You would have to decide if your conscience permits you to do this, but you could enter the trial and then quit if you didn't get what you wanted. But even if you think it would be ethical, you should only consider doing this if you knew for sure that you had some better option. I think it's dishonest, but that doesn't mean it's wrong.

Blinded and open-label trials

For that reason, the patients participating in some clinical trials are not told which treatment group they are in. In clinical-trial lingo this is called blinding. When it's just the patients who are kept in the dark about which treatment they're receiving, the study is referred to as a single-blind trial.

Patients in a clinical trial are often not the only ones who are kept in the dark. The investigators and the clinical staff may try to maintain scientific detachment, but they're human, and they too hope that the experimental treatment they're testing will be an improvement over the standard treatment. Bias can creep in if they communicate their hopes to the patients. With a wink or a nod a nurse or a technician might let a patient know which treatment group he's in. Even if staff members try mightily to keep the secret, they may unconsciously treat patients in the different groups differently, perhaps presenting a cheerier face to patients receiving the experimental treatment.

An investigator's bias may also appear when he records or interprets clinical data. Is that patient flushed, or does he have a naturally ruddy complexion? If the research nurse knows that the standard treatment tends to give patients a slight fever, perhaps he'll be more likely to note skin flushing for a patient in the standard group. For these reasons, sometimes the investigators are also kept in the dark about which patients are receiving which treatments. When both the patients and the clinical staff are blinded, the study is referred to as a double-blind trial.

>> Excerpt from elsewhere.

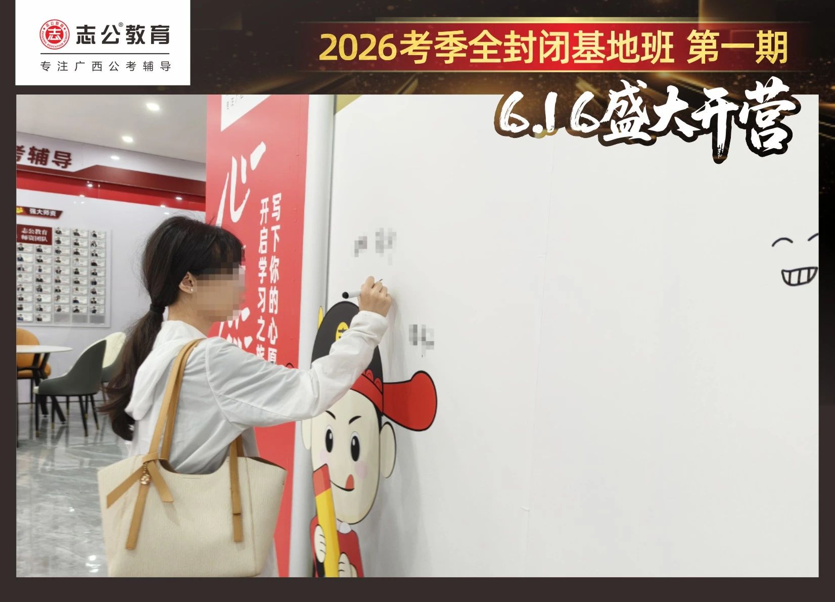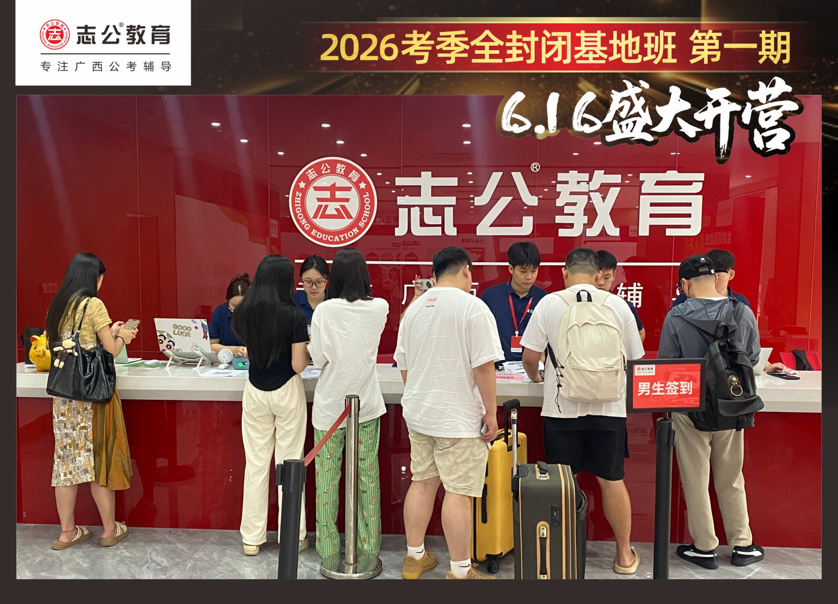 由于這段時間受臺風(fēng)影響,南寧迎來下雨天,但學(xué)員們滿懷先一步備考,快一步成功圓夢的滿滿炙熱信心,早早就在志公教育(中關(guān)村)全封閉基地前臺等候,6月16日,志公教育26考季全封閉基地班第1期的學(xué)員們齊聚一堂,正式開啟他們的公考備戰(zhàn)之旅。簽到環(huán)節(jié)作為基地班課程的第一站,不僅是對學(xué)員們的歡迎儀式,更是他們邁向夢想的第一步。

How is it possible to keep the clinical staff--and the patients--in the dark about treatments? It's relatively simple if both the experimental and standard treatments involve simple medications that are administered at regular times during the day. Someone who's not directly involved in the care of patients in the study will prepare the medications, and they'll be designed to look alike. Additionally, instead of putting the names of the medications on the labels, she'll use a code. Neither the patients nor the clinical staff will know which medications they're receiving until the code is broken at the end of the study.

If the various experimental regimens being compared are complex and very different from one another-- as in many cancer trials--or if they have very different side effects, keeping the patients and the clinical staff blinded will be difficult or impossible. For example, suppose the study is comparing chemotherapy alone with chemotherapy plus radiation. It will be obvious to everyone which group each patient is in. For that reason, single-blind and double-blind studies are relatively rare in cancer clinical trials. Clinical trials that are not blinded are known as open-label trials.